* [Exercise materials]:

____

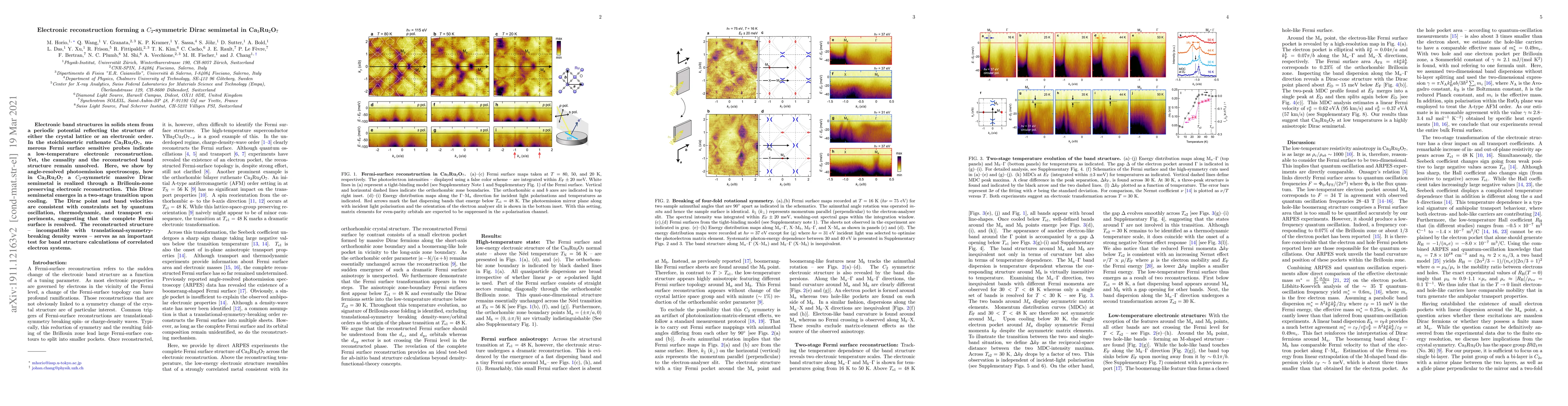 This research reveals that Ca$_3$Ru$_2$O$_7$ undergoes a low-temperature electronic reconstruction resulting in a $C_2$-symmetric Dirac semimetal, identified via angle-resolved photoemission spectroscopy, marking a two-stage transition. The reconstructed band structure, without breaking translational symmetry, challenges traditional band calculations for correlated electron systems.
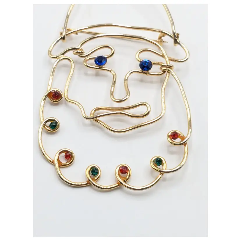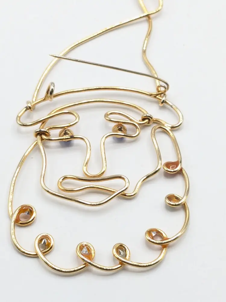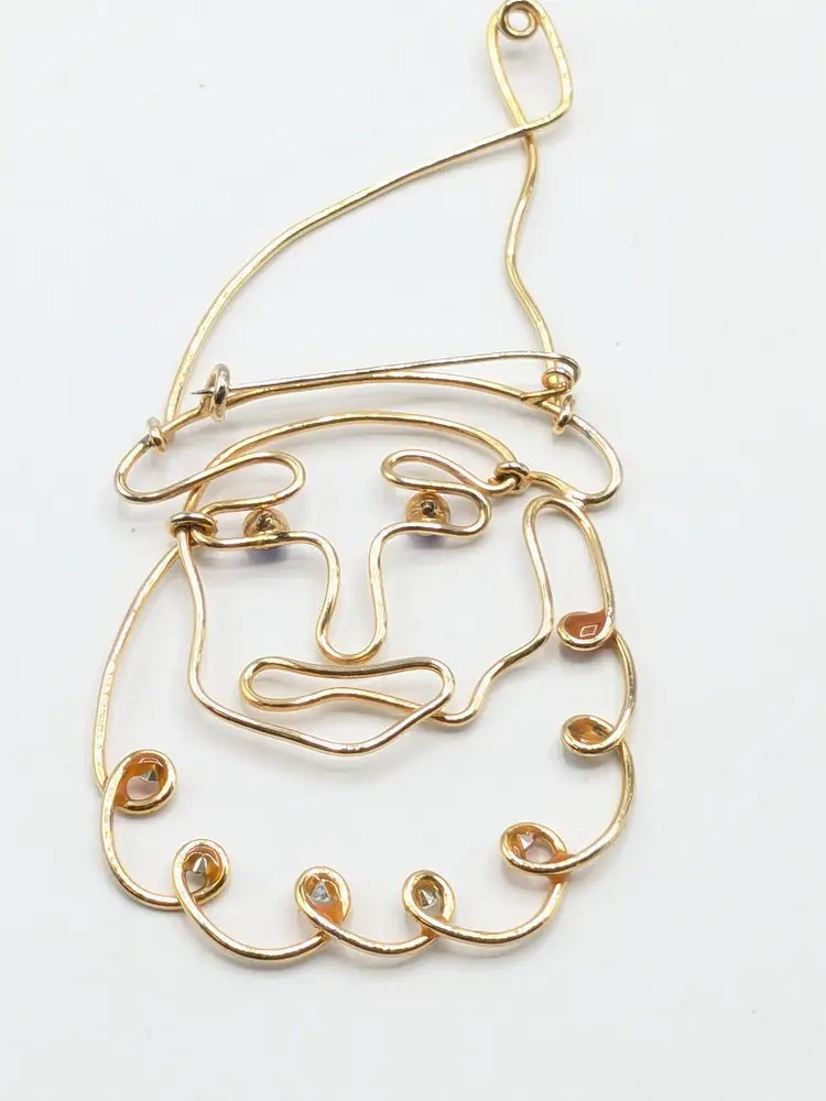 Unique handcrafted vintage brooch featuring a wireframe Santa Claus face adorned with colorful rhinestones. Can be hung as a pendant or worn as a brooch. Good condition. Measures approximately 4 inches in height and 2" wide. (EN1)
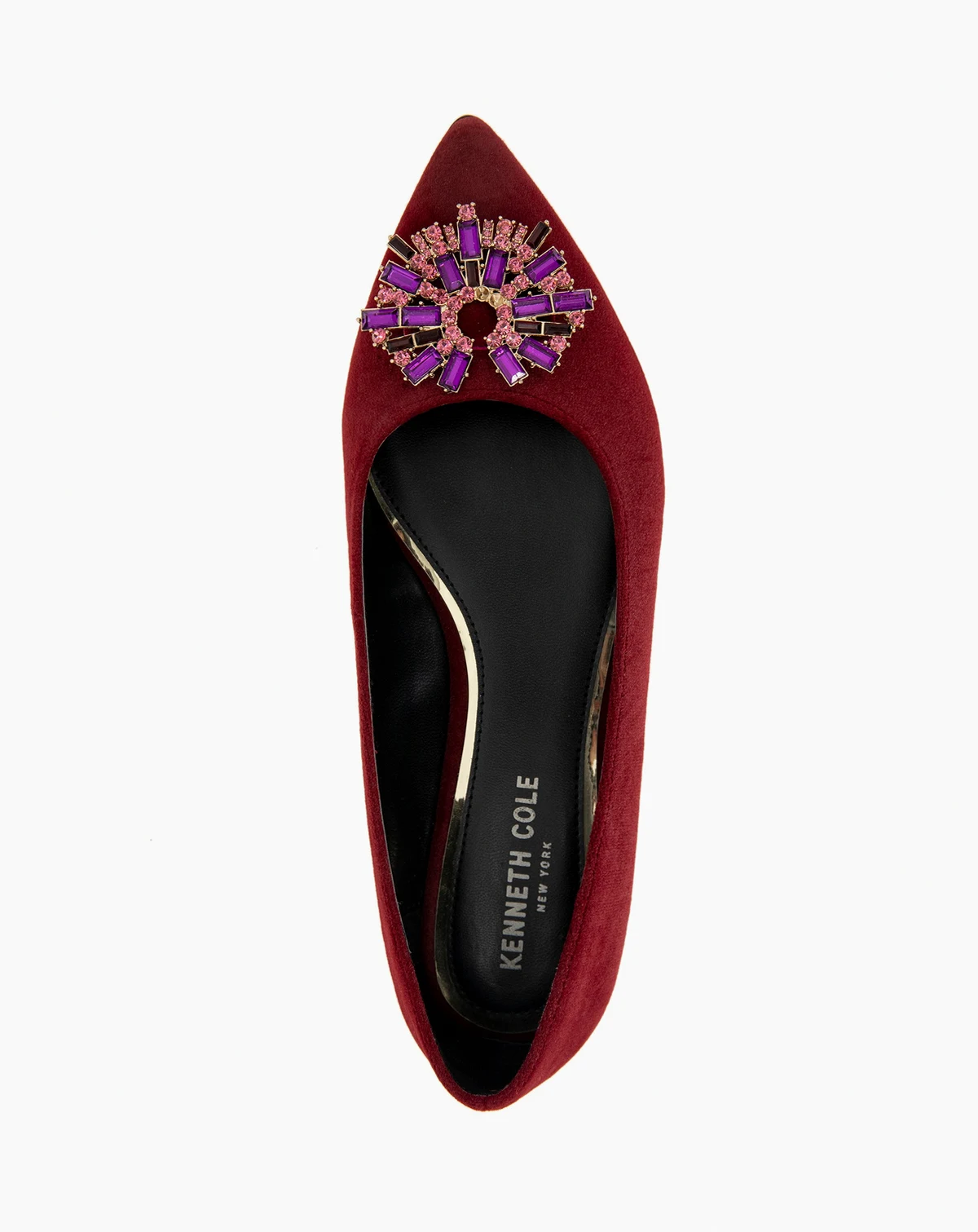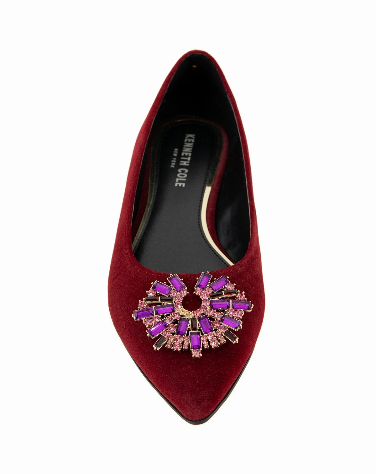 A jewel-embellished ornament adds timeless glamour to the vamp of the Kenneth Cole New York Gaya Starburst luxe pointed toe flat.
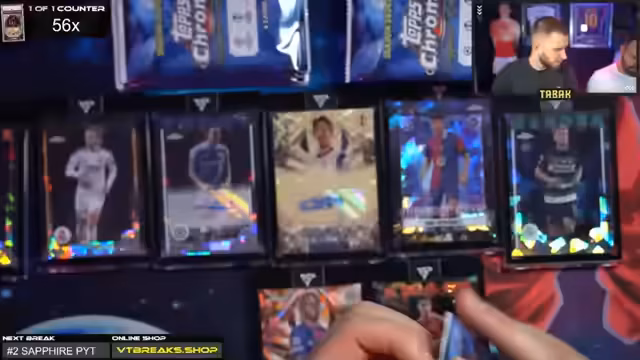 04:17:00Die Erfolgsserie des Sapphire-Brakes setzt sich fort, als eine weitere Kostbarkeit gezogen wird: eine Motörhead-Karte zu 50, die den Moderator erneut in Ekstase versetzt. Es werden weiterhin hochwertige Karten gezogen, darunter Karten mit alternativen Designs wie Image Variations, die für ihren Sammlerwert geschätzt werden. Der Stream ist von einer unerwarteten Fülle an Banger- und High-End-Karten geprägt, wobei immer wieder seltene Nummern und begehrte Spieler auftauchen und das Publikum begeistern.
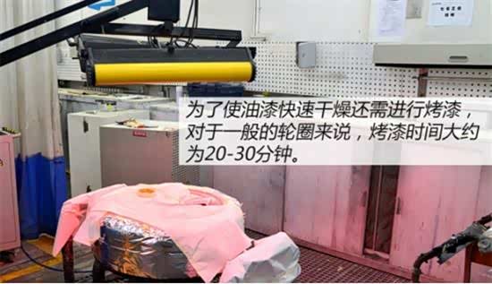 由于各门店使用的油漆不尽相同,在固话方法上可能也有所差别。一般,大多数喷漆都是用烤灯进行固化,也被称为烤漆。还有一些质量更好的油漆,如:UV漆,就是使用紫外线灯照射进行固化的。而无论是那种油漆,对于一般轮毂来说,烤漆时间大约为20-30分钟。(UV漆是Ultraviolet Curing Paint 的英文缩写,即紫外线光固化油漆,也称光引发涂料,光固化涂料。在紫外光的照射下促使引发剂分解,产生自由基,引发树酯反应,瞬间固化成膜,是当前最环保的油漆。)
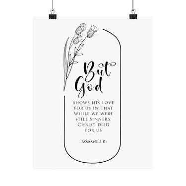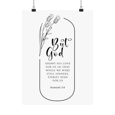 Bold and deeply meaningful, this matte vertical poster features “But God” in oversized script typography, paired with Romans 5:8: “But God shows his love for us in that while we were still sinners, Christ died for us.” The arched frame and botanical accents feel modern, reverent, and easy to style.
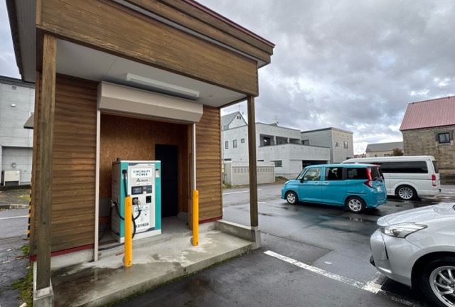 DELTA(台湾)製50kW器です。道の駅内駐車場の北東角に設置されてます。2025/10/7時点、「使用禁止」の張り紙ありシャッターが閉まってました。当分、使用出来ないようです。富良野↔︎旭川間で唯一の急速充電器なので早急に復旧お願いしたいです。
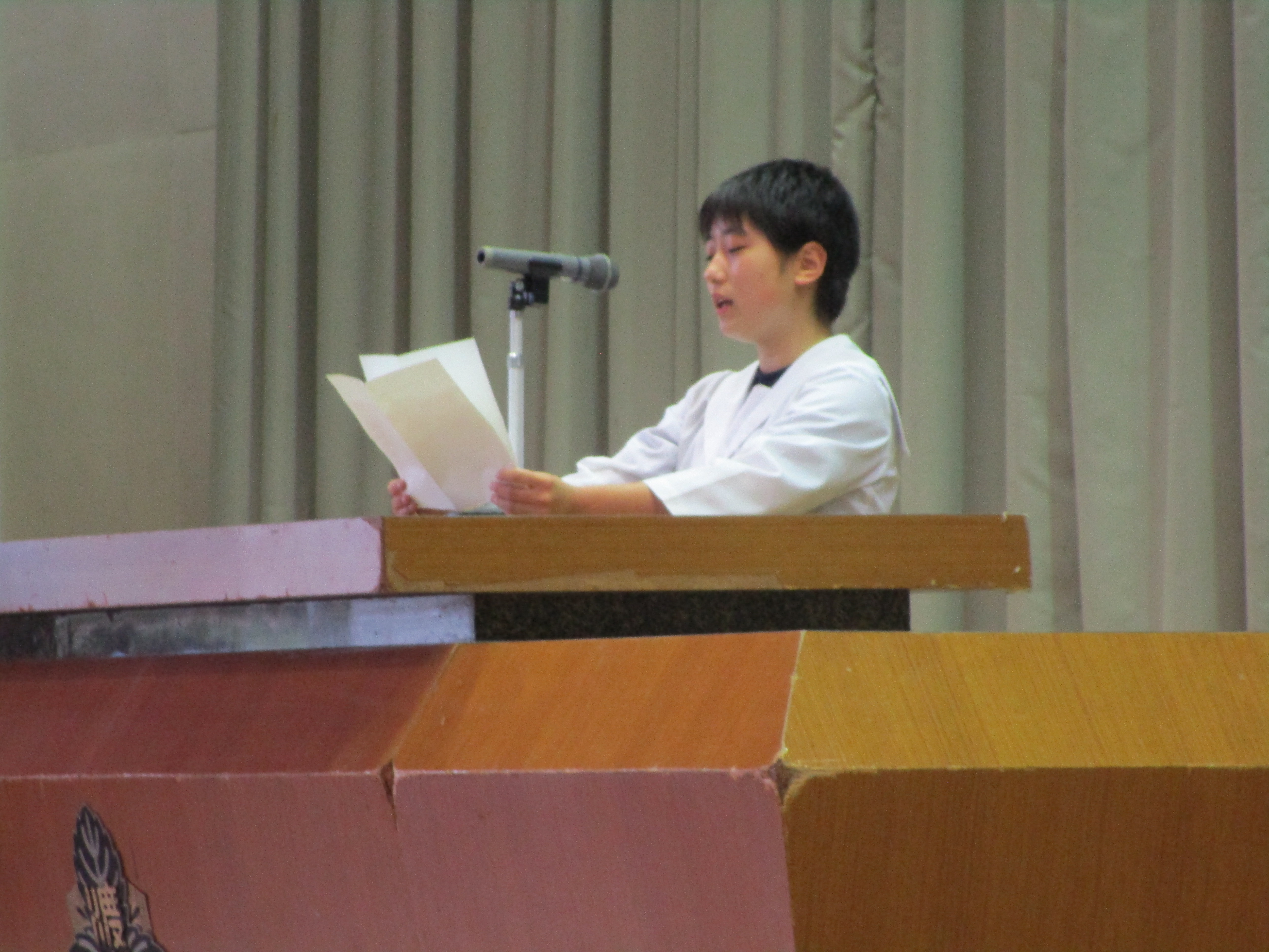 最後に中体連新人大会に向けて3年生からのメッセージや2つの部活動から大会に向けての決意表明がありました。
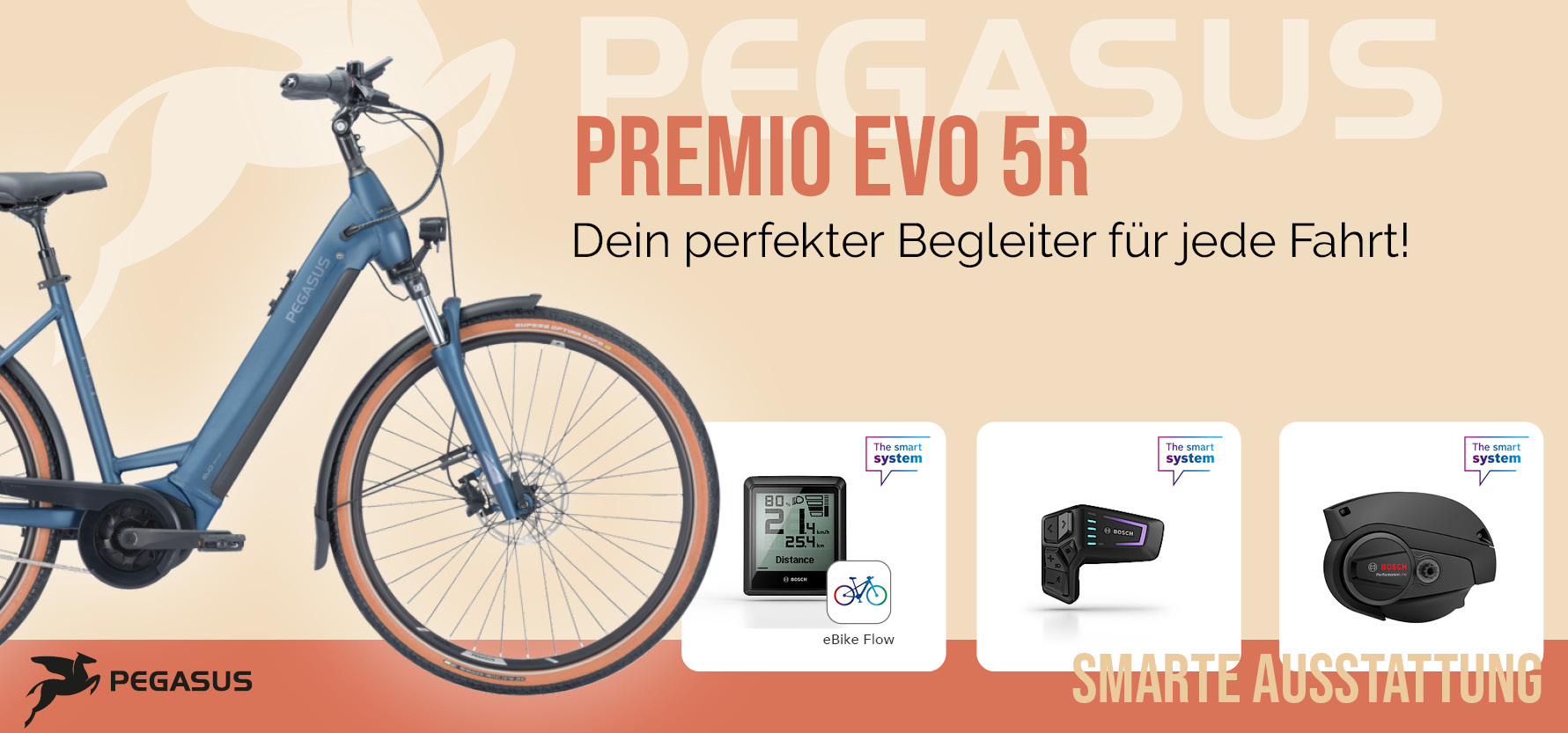 Tauche ein in die Freiheit des Radfahrens mit dem Pegasus Premio Evo 5R. Dieses E-Bike kombiniert modernste Technologie mit ansprechendem Design und macht jede Fahrt zu einem unvergesslichen Erlebnis. Ob du für den täglichen Pendelverkehr, entspannte Wochenendausflüge oder herausfordernde Touren in der Natur unterwegs bist – das Premio Evo 5R ist für jede Situation optimal gerüstet.
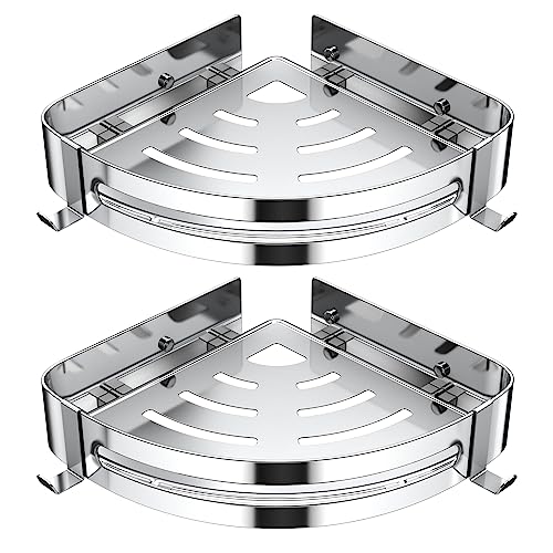 Anicoll Hörnhylla duschkorg duschhylla självhäftande SUS304 rostfritt stål duschhylla multifunktionella kökshyllor för dusch, kök med 4 krokar 2 handdukshållare duschförvaring, 2-pack

____

* [Problem statement]:
Write out the data above in full and exactly, but without the pictures.

* [Output for this exercise]:
 This research reveals that Ca$_3$Ru$_2$O$_7$ undergoes a low-temperature electronic reconstruction resulting in a $C_2$-symmetric Dirac semimetal, identified via angle-resolved photoemission spectroscopy, marking a two-stage transition. The reconstructed band structure, without breaking translational symmetry, challenges traditional band calculations for correlated electron systems.
 Unique handcrafted vintage brooch featuring a wireframe Santa Claus face adorned with colorful rhinestones. Can be hung as a pendant or worn as a brooch. Good condition. Measures approximately 4 inches in height and 2" wide. (EN1)
 A jewel-embellished ornament adds timeless glamour to the vamp of the Kenneth Cole New York Gaya Starburst luxe pointed toe flat.
 04:17:00Die Erfolgsserie des Sapphire-Brakes setzt sich fort, als eine weitere Kostbarkeit gezogen wird: eine Motörhead-Karte zu 50, die den Moderator erneut in Ekstase versetzt. Es werden weiterhin hochwertige Karten gezogen, darunter Karten mit alternativen Designs wie Image Variations, die für ihren Sammlerwert geschätzt werden. Der Stream ist von einer unerwarteten Fülle an Banger- und High-End-Karten geprägt, wobei immer wieder seltene Nummern und begehrte Spieler auftauchen und das Publikum begeistern.
 由于各门店使用的油漆不尽相同,在固话方法上可能也有所差别。一般,大多数喷漆都是用烤灯进行固化,也被称为烤漆。还有一些质量更好的油漆,如:UV漆,就是使用紫外线灯照射进行固化的。而无论是那种油漆,对于一般轮毂来说,烤漆时间大约为20-30分钟。(UV漆是Ultraviolet Curing Paint 的英文缩写,即紫外线光固化油漆,也称光引发涂料,光固化涂料。在紫外光的照射下促使引发剂分解,产生自由基,引发树酯反应,瞬间固化成膜,是当前最环保的油漆。)
 Bold and deeply meaningful, this matte vertical poster features “But God” in oversized script typography, paired with Romans 5:8: “But God shows his love for us in that while we were still sinners, Christ died for us.” The arched frame and botanical accents feel modern, reverent, and easy to style.
 DELTA(台湾)製50kW器です。道の駅内駐車場の北東角に設置されてます。2025/10/7時点、「使用禁止」の張り紙ありシャッターが閉まってました。当分、使用出来ないようです。富良野↔︎旭川間で唯一の急速充電器なので早急に復旧お願いしたいです。
 最後に中体連新人大会に向けて3年生からのメッセージや2つの部活動から大会に向けての決意表明がありました。
 Tauche ein in die Freiheit des Radfahrens mit dem Pegasus Premio Evo 5R. Dieses E-Bike kombiniert modernste Technologie mit ansprechendem Design und macht jede Fahrt zu einem unvergesslichen Erlebnis. Ob du für den täglichen Pendelverkehr, entspannte Wochenendausflüge oder herausfordernde Touren in der Natur unterwegs bist – das Premio Evo 5R ist für jede Situation optimal gerüstet.
 Anicoll Hörnhylla duschkorg duschhylla självhäftande SUS304 rostfritt stål duschhylla multifunktionella kökshyllor för dusch, kök med 4 krokar 2 handdukshållare duschförvaring, 2-pack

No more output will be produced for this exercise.